**Your assignment**
Starting at the first entry below, repeat all the data word for word and drop the pictures.
↓↓↓
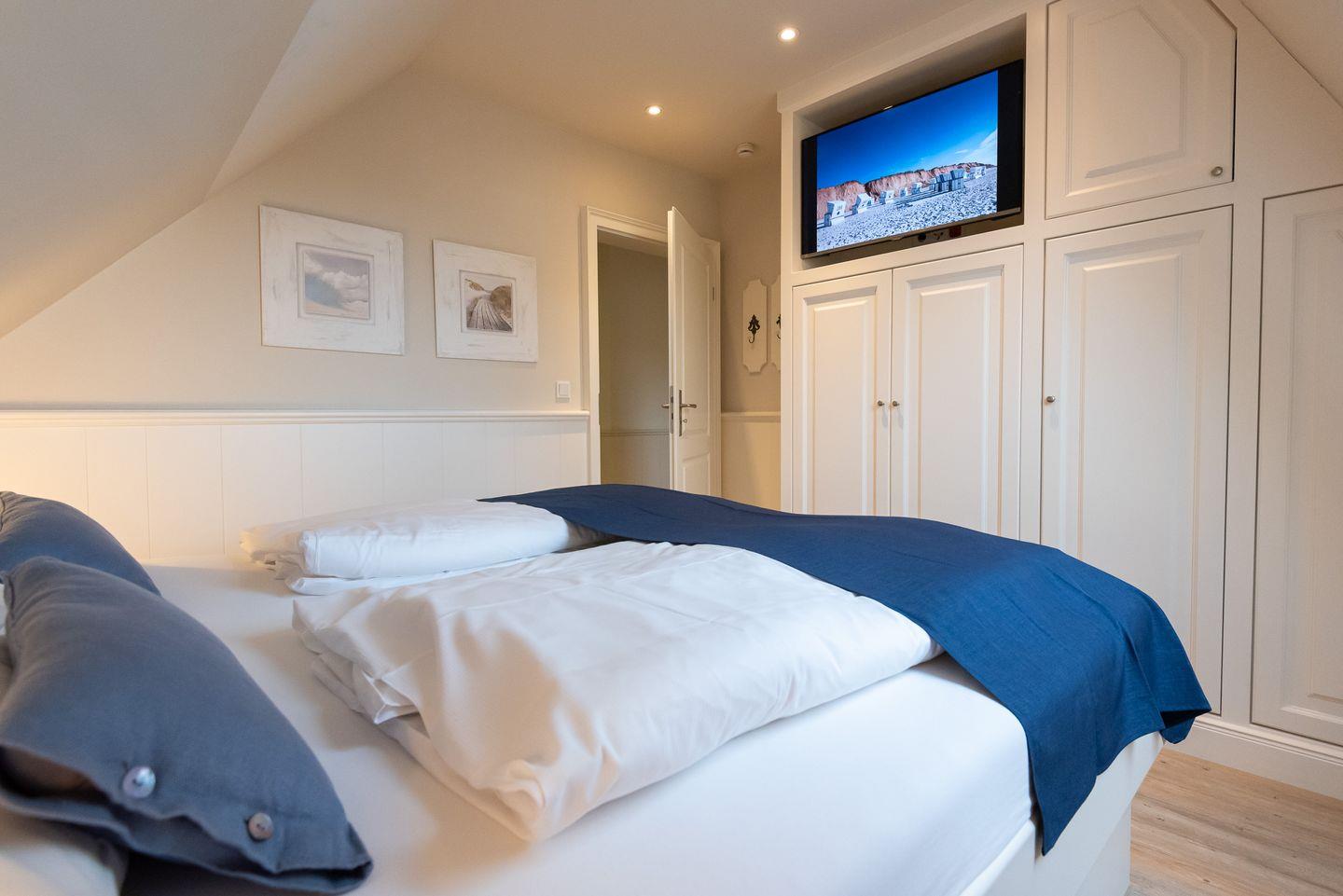 Schlafzimmer 2: Gemütliches Doppelbett, Einbauschränke und TV.
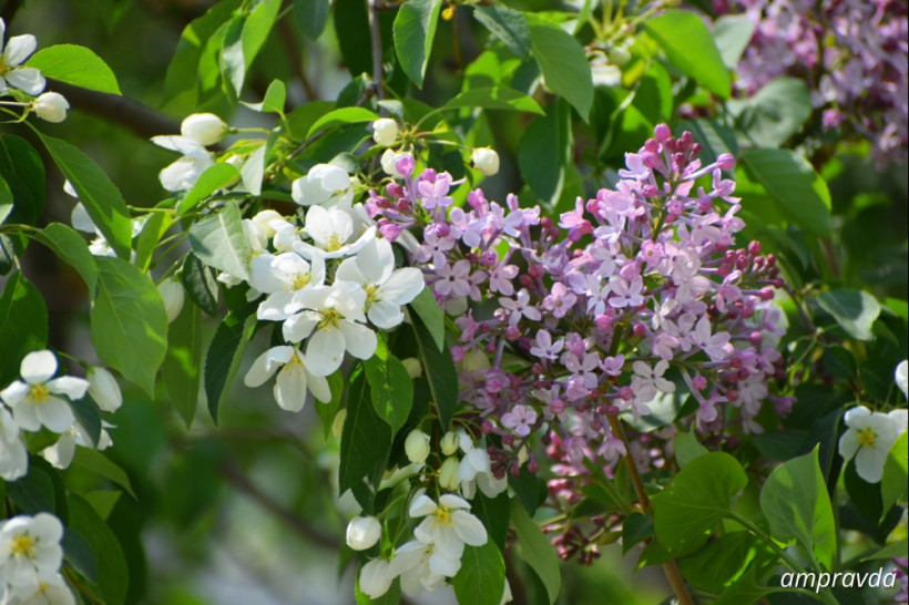 Дружба яблоньки и сирени в Февральске. Вот так переплелись своими ветвями белая яблонька и сиренево-фиолетовая сирень. Две неразлучницы. Автор: Ольга
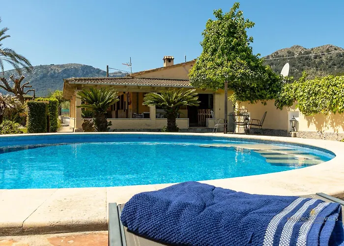 De 0-slaapkamer Villa La Sort Llarga, Casa De Campo Para 6 Personas Pollença heeft een terras met uitzicht op de berg en ligt op 48 minuten rijden van de luchthaven Palma de Mallorca.
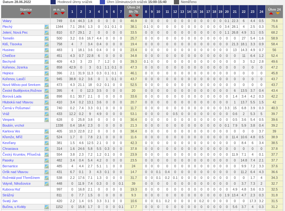 Ve dnech 23-25.06.2022 je nahore uveden datum o den vyssi, nez ke kteremu hodnoty srazek skutecne patri. Stanice jsou serazeny sestupne od nejvyssiho srazkoveho uhrnu za 24 hod 00-24 SELC.
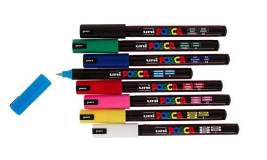 Découvrez les marqueurs polyvalents de POSCA. Ils conviennent au papier, au bois, à l’argile, au plastique, au métal, aux textiles et à de nombreuses autres surfaces. Les marqueurs sont aquarellables, ce qui permet de créer de superbes dégradés de couleurs ; les différentes teintes peuvent être mélangées entre elles directement sur la surface de peinture et, une fois sèches, être repeintes facilement. Les textiles peints sont lavables après fixation au fer à repasser ; sur la porcelaine et le verre, les marqueurs peuvent être cuits au four.
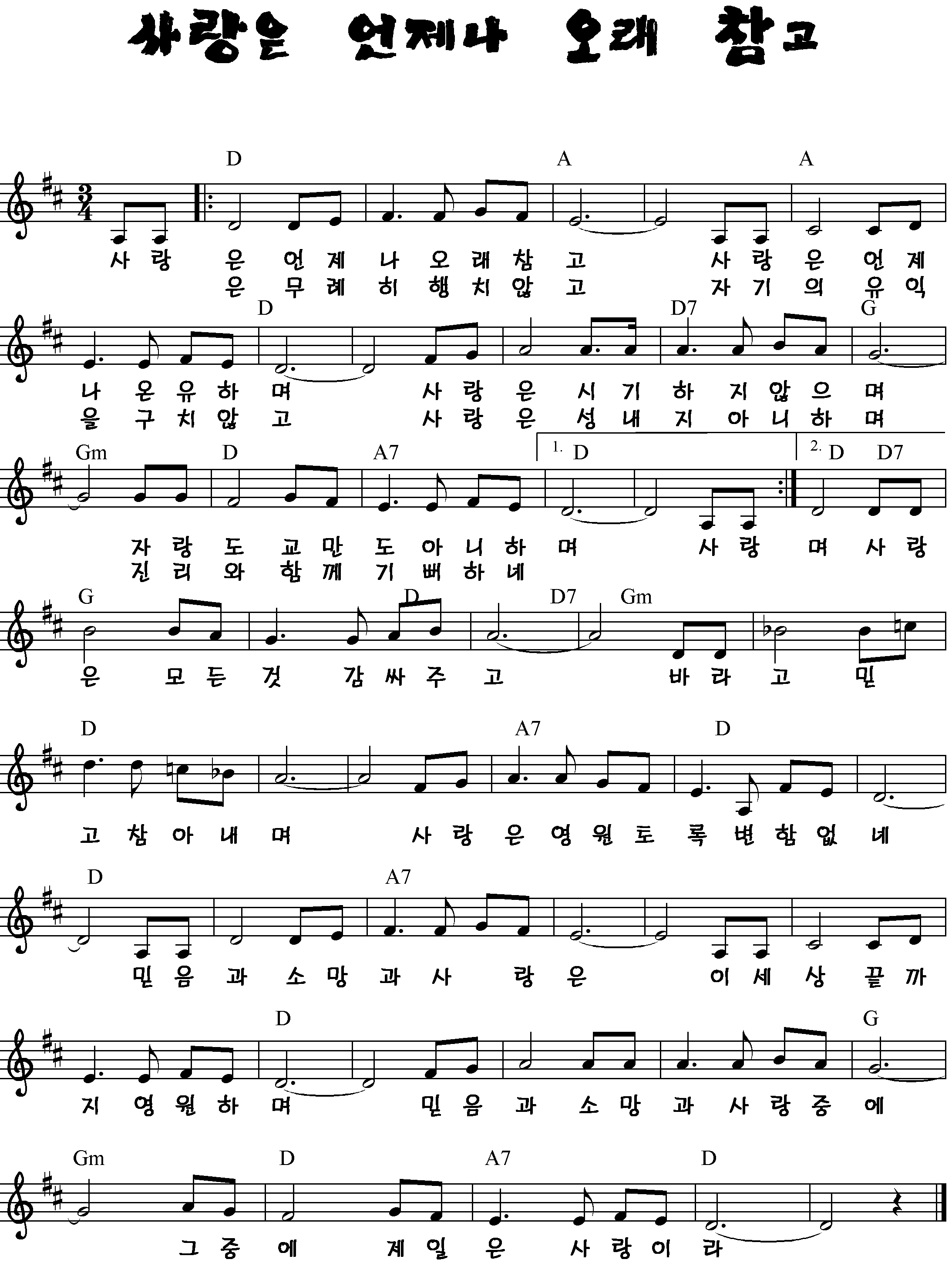Musicday 사랑 사랑은 언제나 오래 참고 Best Gospel 큰글자악보
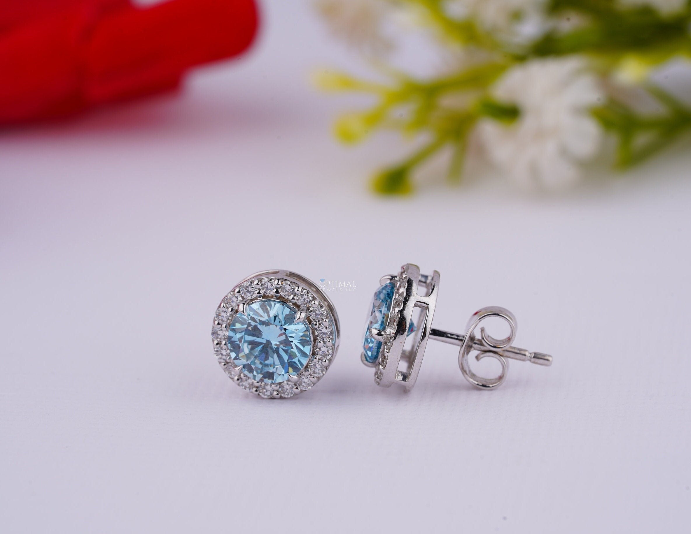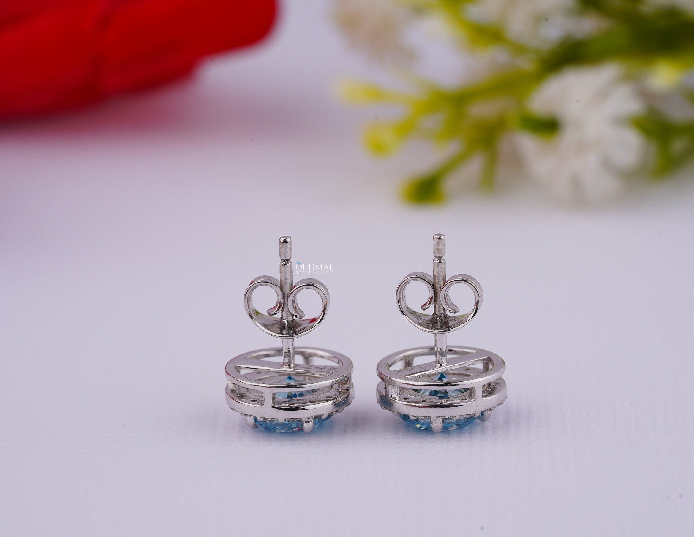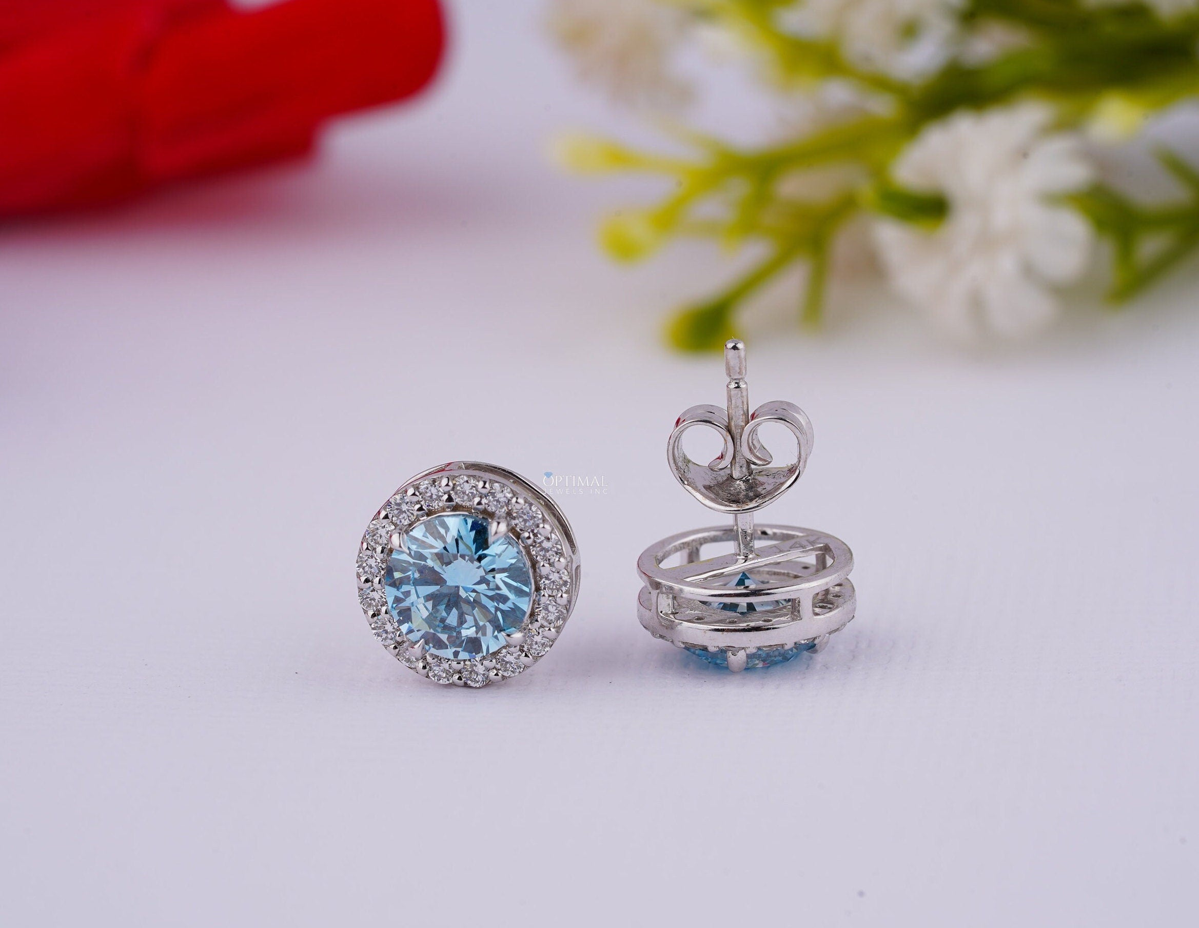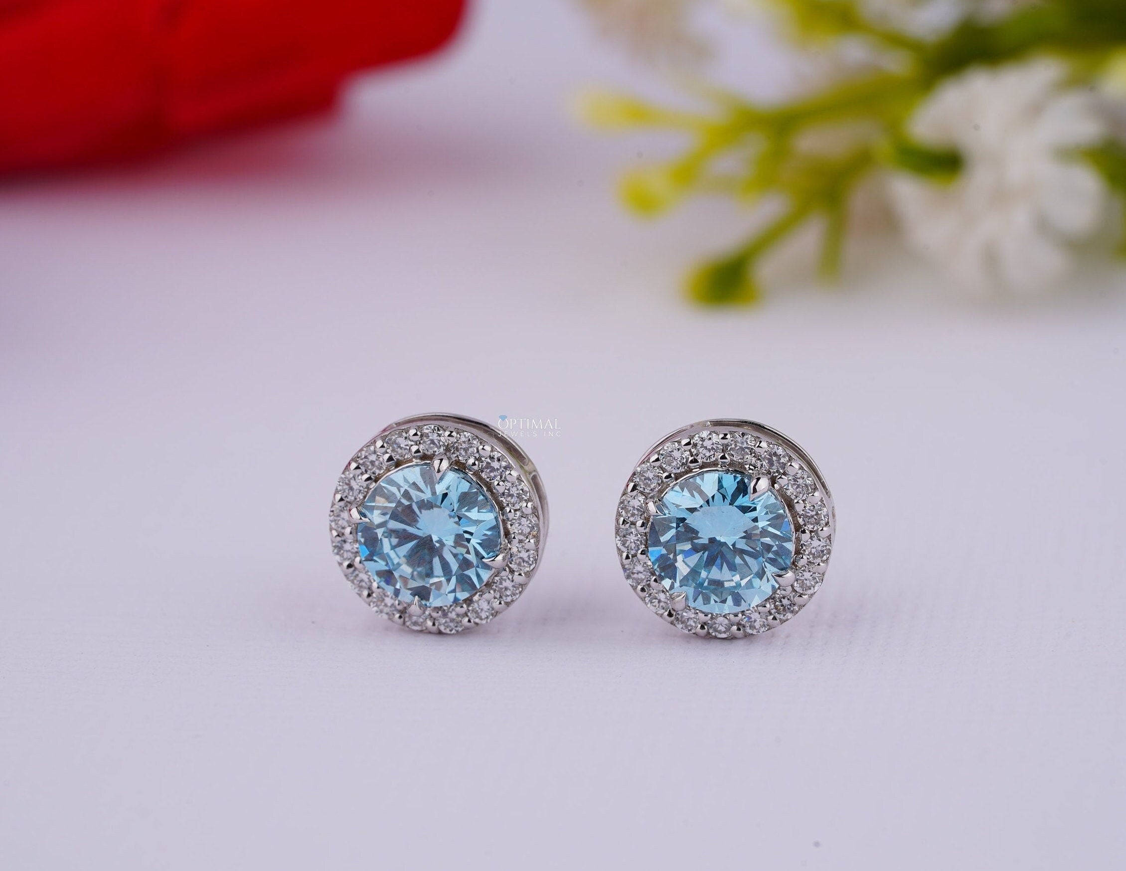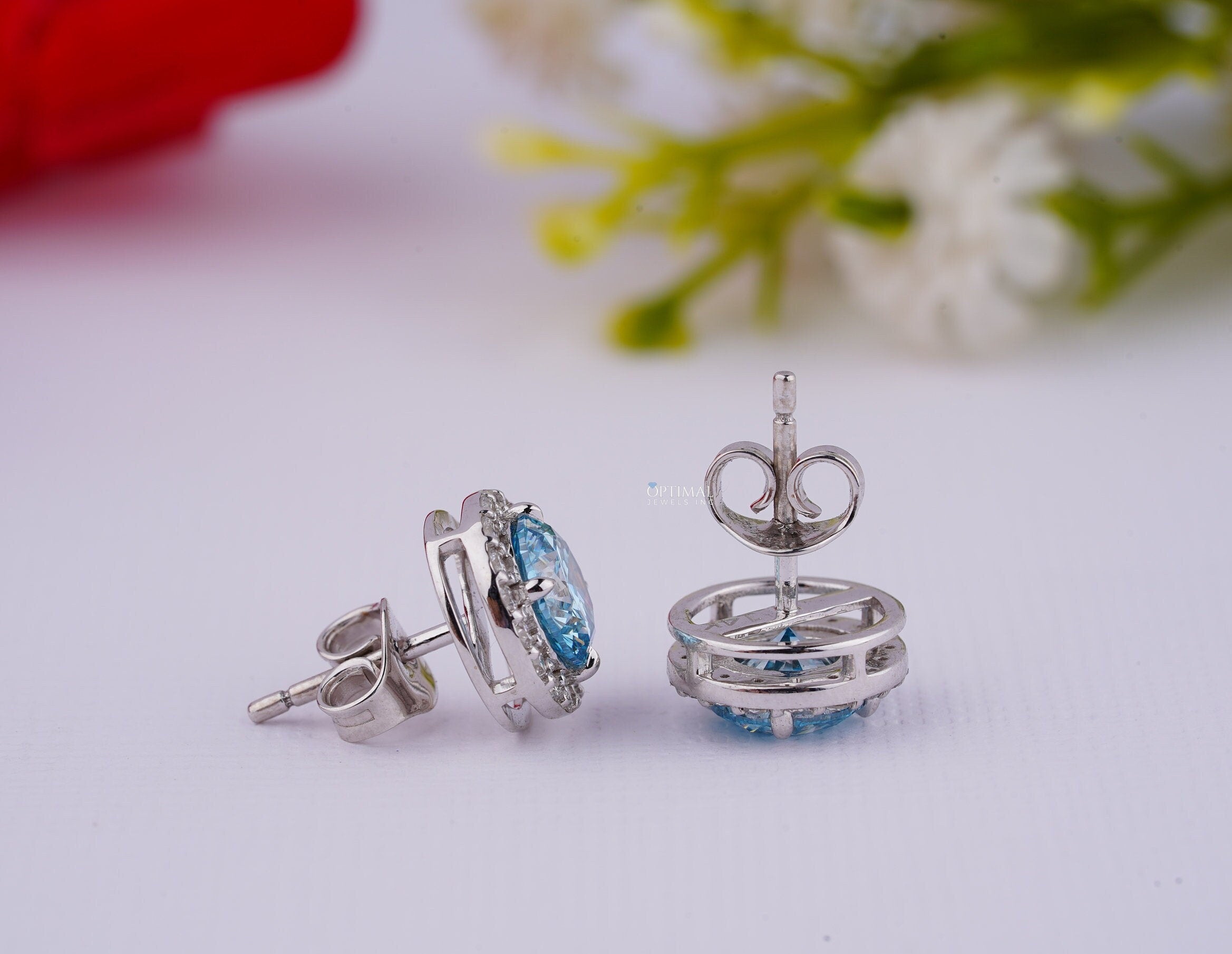 નીલમ બ્લુ લેબ ડાયમંડ ઇયરિંગ્સ 2.40 Ctw IGI સર્ટિફાઇડ રાઉન્ડ હેલો ડાયમંડ ઇયરિંગ વ્હાઇટ ગોલ્ડ સ્ટડ ઇયરિંગ મહિલાઓ માટે તેના માટે ભેટ
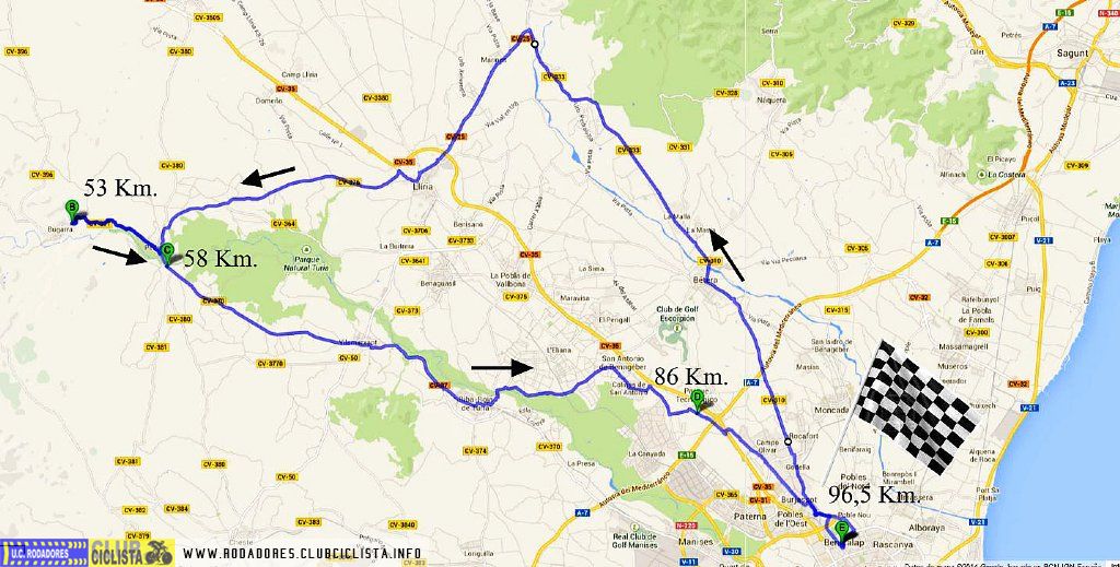 OPCIÓN A: BENICALAP - BÉTERA (fin tramo neutralizado Grupo A) - MARINES NOU - LLÍRIA - PEDRALBA - ALTO DE BUGARRA - PEDRALBA (Almuerzo). RIBARROJA (reagrupamiento) - L'ANDANA (reagrupamiento) - BENICALAP.
↑↑↑
**Answer space**
 Schlafzimmer 2: Gemütliches Doppelbett, Einbauschränke und TV.
 Дружба яблоньки и сирени в Февральске. Вот так переплелись своими ветвями белая яблонька и сиренево-фиолетовая сирень. Две неразлучницы. Автор: Ольга
 De 0-slaapkamer Villa La Sort Llarga, Casa De Campo Para 6 Personas Pollença heeft een terras met uitzicht op de berg en ligt op 48 minuten rijden van de luchthaven Palma de Mallorca.
 Ve dnech 23-25.06.2022 je nahore uveden datum o den vyssi, nez ke kteremu hodnoty srazek skutecne patri. Stanice jsou serazeny sestupne od nejvyssiho srazkoveho uhrnu za 24 hod 00-24 SELC.
 Découvrez les marqueurs polyvalents de POSCA. Ils conviennent au papier, au bois, à l’argile, au plastique, au métal, aux textiles et à de nombreuses autres surfaces. Les marqueurs sont aquarellables, ce qui permet de créer de superbes dégradés de couleurs ; les différentes teintes peuvent être mélangées entre elles directement sur la surface de peinture et, une fois sèches, être repeintes facilement. Les textiles peints sont lavables après fixation au fer à repasser ; sur la porcelaine et le verre, les marqueurs peuvent être cuits au four.
Musicday 사랑 사랑은 언제나 오래 참고 Best Gospel 큰글자악보
 નીલમ બ્લુ લેબ ડાયમંડ ઇયરિંગ્સ 2.40 Ctw IGI સર્ટિફાઇડ રાઉન્ડ હેલો ડાયમંડ ઇયરિંગ વ્હાઇટ ગોલ્ડ સ્ટડ ઇયરિંગ મહિલાઓ માટે તેના માટે ભેટ
 OPCIÓN A: BENICALAP - BÉTERA (fin tramo neutralizado Grupo A) - MARINES NOU - LLÍRIA - PEDRALBA - ALTO DE BUGARRA - PEDRALBA (Almuerzo). RIBARROJA (reagrupamiento) - L'ANDANA (reagrupamiento) - BENICALAP.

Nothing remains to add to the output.